## SUPPLIED MATERIAL
Content starts
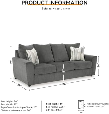 - COMFY SEATING: Pair this sofa with chairs or a loveseat to create a modern seating area. Measures 86" W x 38" D x 39" H. Seat height: 19". Seat depth: 22". Arm height: 24"
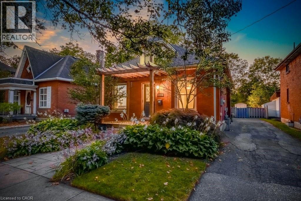 Private Backyard Retreat Backing Onto Green Space & River Trails. Whether you’re a first-time buyer or looking to downsize, you will fall in love with this enchanting brick bungalow tucked onto a mature, tree-lined street. Step inside the front foyer to find a cozy living room warmed by a natural gas fireplace and a family-style dining room that flows seamlessly into the modern white kitchen designed to impress. An abundance of cabinetry and counter space are complimented by granite countertops and a functional island with second sink and dishwasher. Garden doors invite you outside to a private backyard retreat that feels worlds away from city life. Enhanced landscaping creates a layered outdoor experience: a large deck with gazebo for gatherings, accent lighting, raised vegetable garden, a tranquil pond complete with several koi and a stone conversation area tucked toward the back of the deep lot. You’ll enjoy having the SC Johnson Trail and the Grand River nearby for walking, biking or simply taking in nature. Practical touches include a large 4-piece bath with separate tub and shower. Shingles approximately 4.5 years. Furnace - 2024. The basement is a great space for storage, workshop or home gym. Plenty of parking. Reward yourself with the perfect combination of historic charm of this cute brick bungalow and outdoor beauty. Get ready to move! (id:6289)
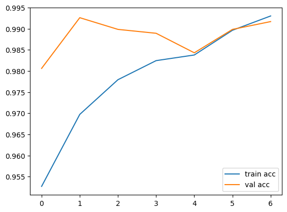 Training and validation accuracy both increase steadily and reach high performance (~98β99%).
Content ends
## PROBLEM DETAILS
Please transcribe the listing above verbatim and exclude every picture.

## ANSWER BOX
 - COMFY SEATING: Pair this sofa with chairs or a loveseat to create a modern seating area. Measures 86" W x 38" D x 39" H. Seat height: 19". Seat depth: 22". Arm height: 24"
 Private Backyard Retreat Backing Onto Green Space & River Trails. Whether you’re a first-time buyer or looking to downsize, you will fall in love with this enchanting brick bungalow tucked onto a mature, tree-lined street. Step inside the front foyer to find a cozy living room warmed by a natural gas fireplace and a family-style dining room that flows seamlessly into the modern white kitchen designed to impress. An abundance of cabinetry and counter space are complimented by granite countertops and a functional island with second sink and dishwasher. Garden doors invite you outside to a private backyard retreat that feels worlds away from city life. Enhanced landscaping creates a layered outdoor experience: a large deck with gazebo for gatherings, accent lighting, raised vegetable garden, a tranquil pond complete with several koi and a stone conversation area tucked toward the back of the deep lot. You’ll enjoy having the SC Johnson Trail and the Grand River nearby for walking, biking or simply taking in nature. Practical touches include a large 4-piece bath with separate tub and shower. Shingles approximately 4.5 years. Furnace - 2024. The basement is a great space for storage, workshop or home gym. Plenty of parking. Reward yourself with the perfect combination of historic charm of this cute brick bungalow and outdoor beauty. Get ready to move! (id:6289)
 Training and validation accuracy both increase steadily and reach high performance (~98β99%).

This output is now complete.